Page 1 of 1

Extracting Text from files

Posted: Wed Feb 24, 2010 5:10 pm
by Shawn
How would I be able to have a starting point and ending point and grab all in beetween? Example : <noscript> Wanted Information </noscript> ...

Thanks again for making such a great program.

Posted: Fri Feb 26, 2010 2:30 am
by Shawn
Well I'm guessing this is something that can't be done with Text Crawler I'll try to find a different solution / program I have over 1,000,000 files to deal with... I'll try with a macro recorder...

Good Day to you all...

Posted: Fri Feb 26, 2010 9:09 am
by dv2
You can do this with TC - sorry for the slow response!

In 'Regular expressions' mode try
<noscript>[\s\S]*</noscript>

Then 'extract'. This will grab everything between (and including) the tags. You can always remove the tags afterwards with another search/replace op.

Posted: Fri Feb 26, 2010 10:46 am
by Shawn
My Appologies for my impatience I just wanted to get the files done as soon as possible due that the data we're recipes going to be used for a community kitchen program (To get people to eat different meals without busting a budjet)

Thanks again.


Posted: Fri Feb 26, 2010 11:26 pm
by Fool4UAnyway
A non-regex solution (for the macro) could be like this:

1. Search for the opening tag and put a linebreak character _before_ it.
2. Search for the closing tag.
3. Remove any linebreak characters between the two tags. Perform a replace on a selection from the closing tag to the opening tag.
4. Add a linebreak character _after_ the closing tag.

Now, all wanted information should be on individual lines, starting with the opening tag and ending with the closing tag.

5. Sort the lines (hey, there are a million...)
6. Keep the lines starting with the opening tag. They are sorted then.

If you do not want the lines to be sorted, you could perform a regex replace emptying all lines that do not contain the noscript tag.

Posted: Sun Feb 28, 2010 12:19 am
by Shawn
@Fool4UAnyway

Thanks for the Macro tip however placing all the items on one line wouldn't work with this table as the items are all in order I just had WAY too many junk lines in the files due to crappy exportation in the first place.

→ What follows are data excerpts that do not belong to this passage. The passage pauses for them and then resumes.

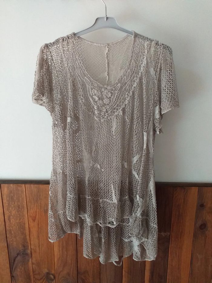 Haut effet maille couleur crème à porter sur un autre haut , le bas a des défauts voir les photos. Taille unique mais convient de la taille 44 à 50 environ n'hésitez pas à demander plus d'informations si besoin #bakecotaille44femme #bakecotaille46femme #bakecotaille48femme #bakecotaille50femme
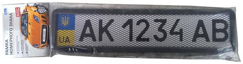 Рамка под номерной знак черная с сеткой 75055Рамка под номер нержавейка черная с сеткой
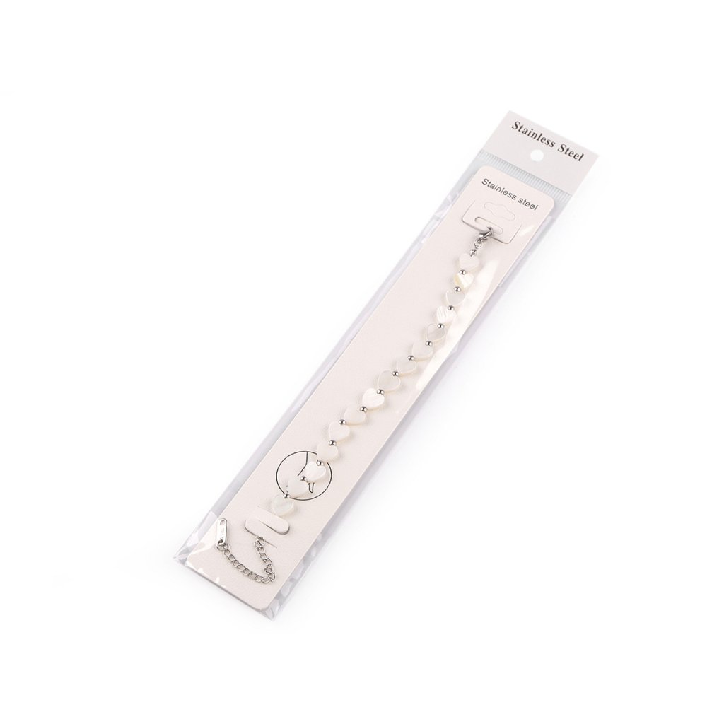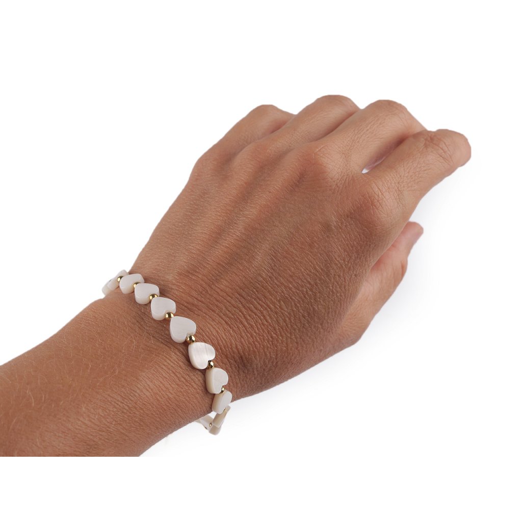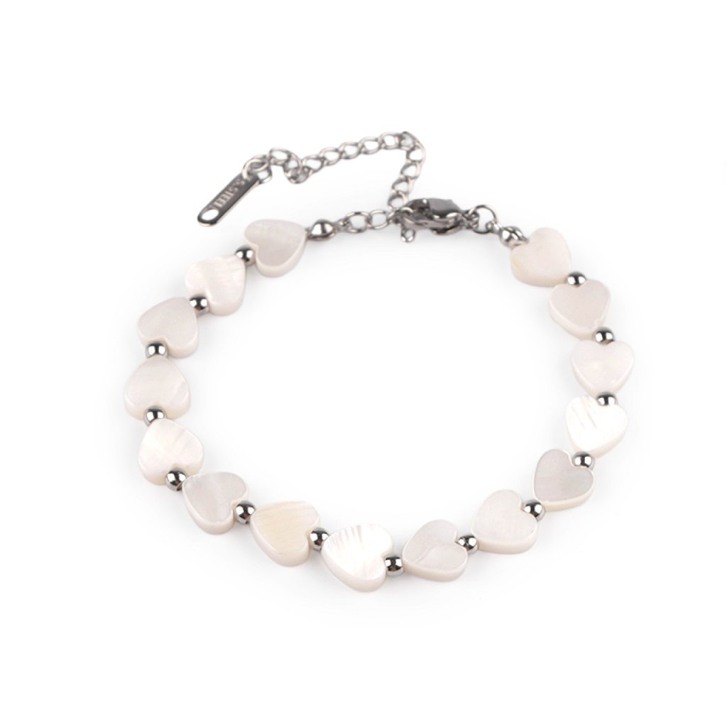 Perleťový náramek zaujme svou elegantní jednoduchostí a jemným designem. Je celý poskládaný z perleťových srdíček a nerezových korálků. Náramek má kvalitní zpracování, romanticky dozdobí vaše zápěstí. Bude krásným a stylovým dárkem nejen na Valentýna, díky univerzálnímu designu se hodí k různým stylům oblečení, bude skvělým dárkem pro někoho výjimečného.

P.S: The Database is done.. Thank you all for your time.

Posted: Sun Apr 17, 2011 12:39 am
by Ray
I'm using TC 2.0. I've got a bunch of ANSI text files that all begin with "FROM: [username]," where username varies. For example, one is an email whose first line is "FROM: Joe." I want to extract just the username. When I use "FROM: [\s\S]*\n" in Regular Expression mode and then click Find, it highlights the entire contents of the file in yellow. Isn't \n the right way to indicate that I want everything up to the next newline? Same thing if I use \r instead. ... Looks like a great program, my first time using ... wish me luck!